TASK PROMPT: Output the first line of the listing and each line after it, up to and including the line that contains "You can also", exactly as written, minus the pictures.

INPUT DATA:
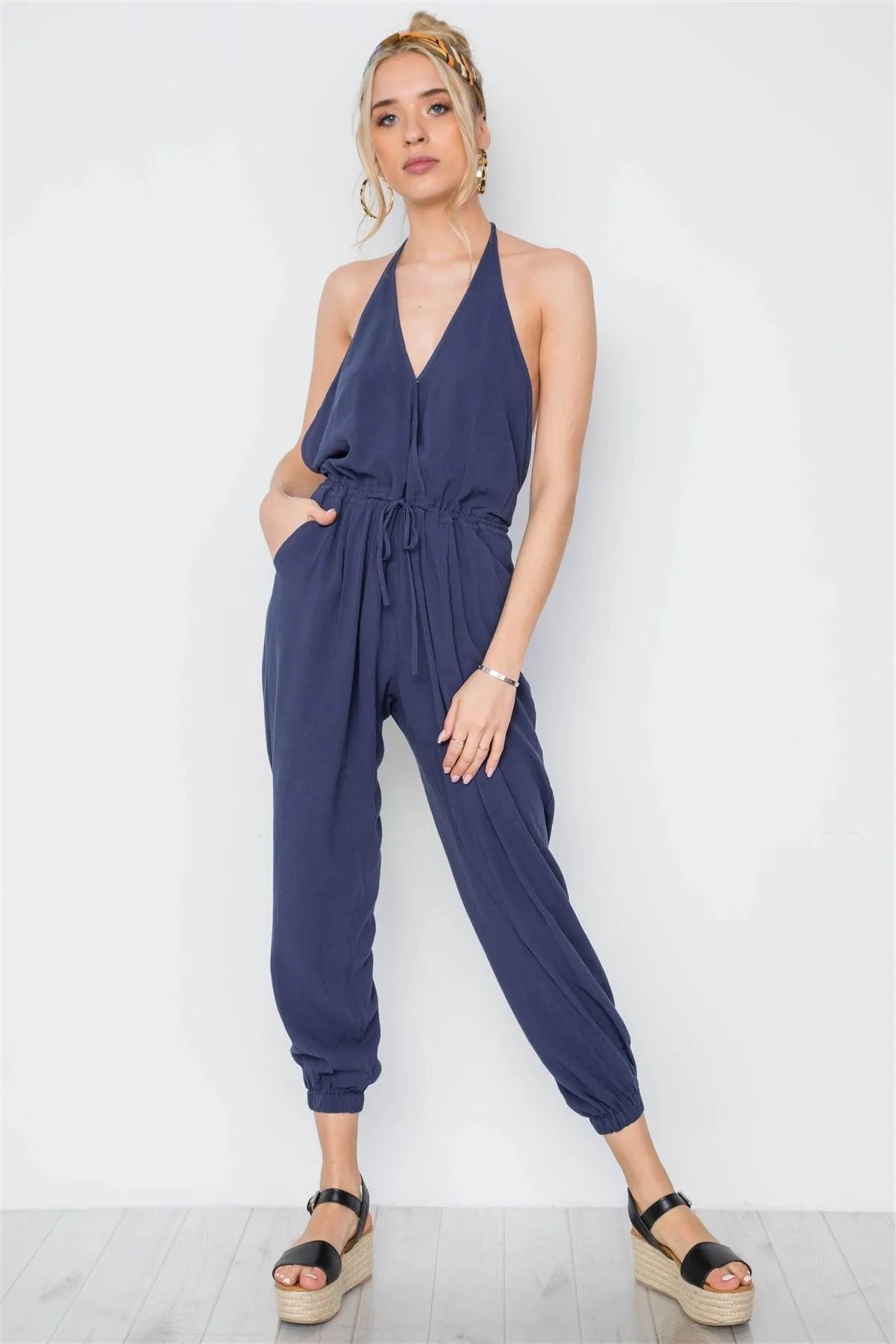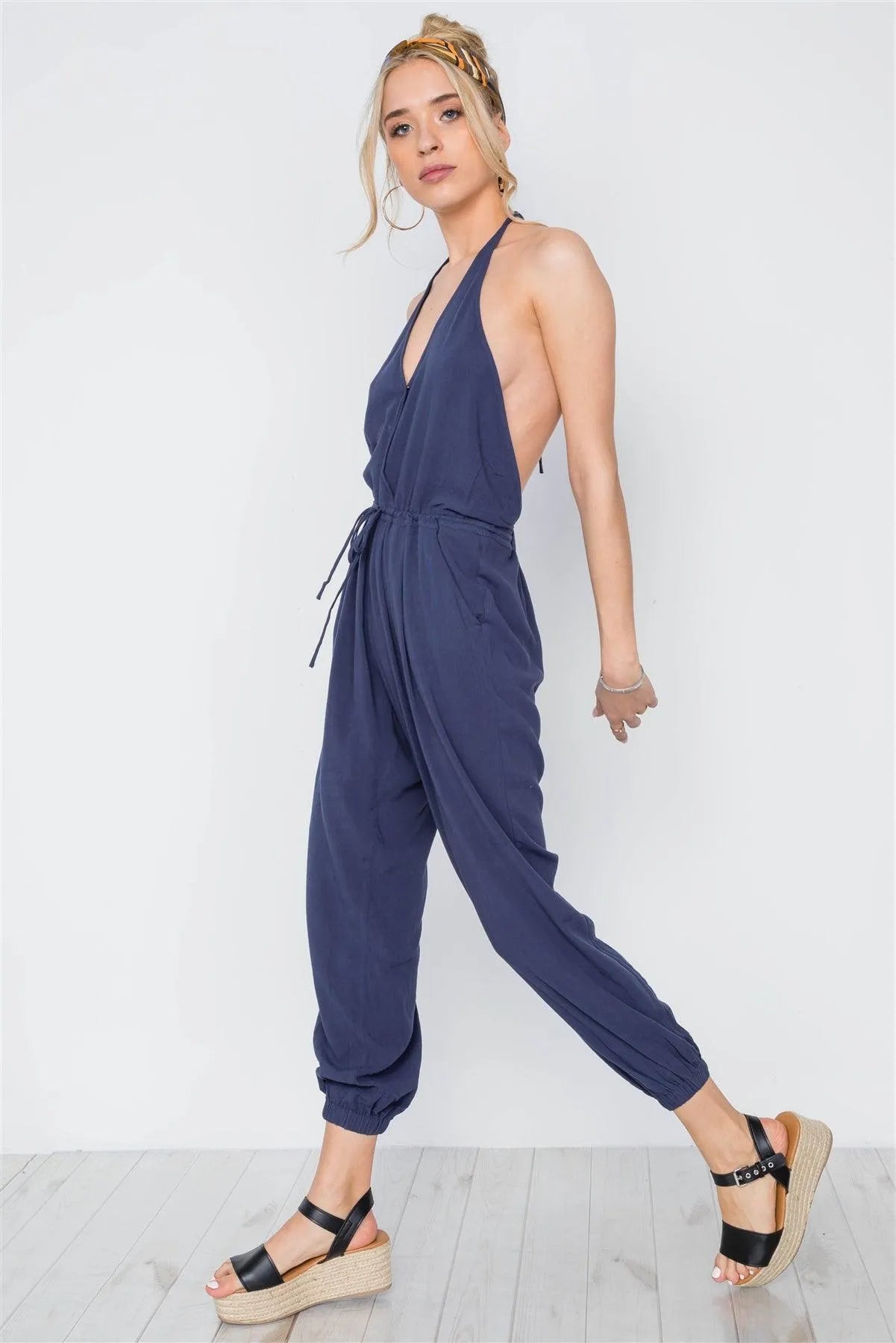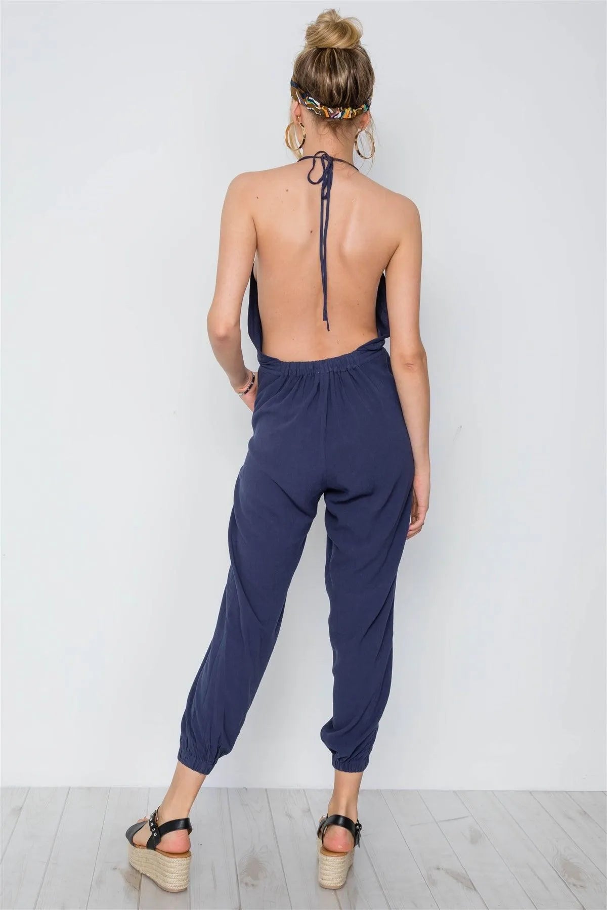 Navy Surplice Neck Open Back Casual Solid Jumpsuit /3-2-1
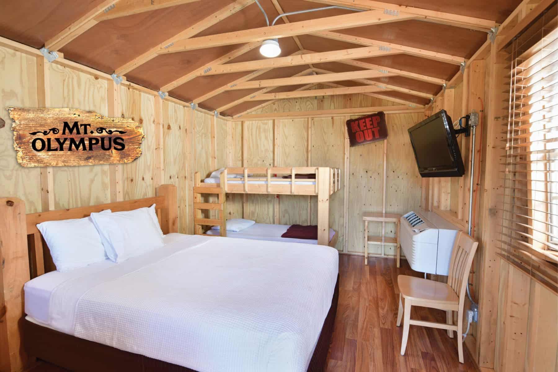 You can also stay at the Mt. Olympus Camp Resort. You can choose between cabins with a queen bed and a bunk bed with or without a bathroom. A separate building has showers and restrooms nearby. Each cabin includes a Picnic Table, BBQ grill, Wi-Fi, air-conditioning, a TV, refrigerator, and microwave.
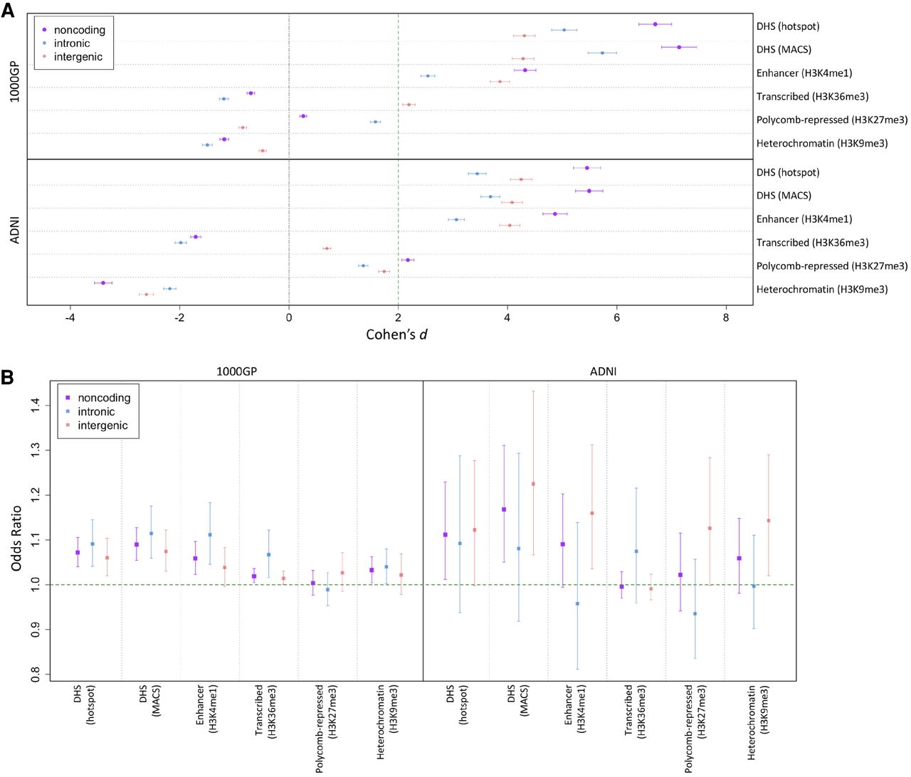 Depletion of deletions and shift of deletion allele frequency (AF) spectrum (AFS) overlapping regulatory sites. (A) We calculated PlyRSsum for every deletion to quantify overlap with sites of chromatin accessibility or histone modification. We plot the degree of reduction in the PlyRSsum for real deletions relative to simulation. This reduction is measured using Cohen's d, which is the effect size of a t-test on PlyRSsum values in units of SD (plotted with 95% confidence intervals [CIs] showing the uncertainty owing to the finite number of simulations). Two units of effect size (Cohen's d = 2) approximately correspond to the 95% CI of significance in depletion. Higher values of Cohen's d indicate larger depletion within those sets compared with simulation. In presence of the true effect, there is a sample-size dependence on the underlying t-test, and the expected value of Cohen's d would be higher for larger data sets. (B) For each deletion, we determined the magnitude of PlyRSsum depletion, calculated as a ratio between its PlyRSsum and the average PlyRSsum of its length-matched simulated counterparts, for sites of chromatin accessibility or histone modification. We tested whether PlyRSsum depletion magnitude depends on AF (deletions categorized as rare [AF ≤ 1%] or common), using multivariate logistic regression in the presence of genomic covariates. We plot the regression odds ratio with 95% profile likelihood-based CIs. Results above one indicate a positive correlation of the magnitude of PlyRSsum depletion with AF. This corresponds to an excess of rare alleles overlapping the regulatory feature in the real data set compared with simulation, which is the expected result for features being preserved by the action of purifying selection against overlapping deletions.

OUTPUT FOR THIS EXERCISE:
 Navy Surplice Neck Open Back Casual Solid Jumpsuit /3-2-1
 You can also stay at the Mt. Olympus Camp Resort. You can choose between cabins with a queen bed and a bunk bed with or without a bathroom. A separate building has showers and restrooms nearby. Each cabin includes a Picnic Table, BBQ grill, Wi-Fi, air-conditioning, a TV, refrigerator, and microwave.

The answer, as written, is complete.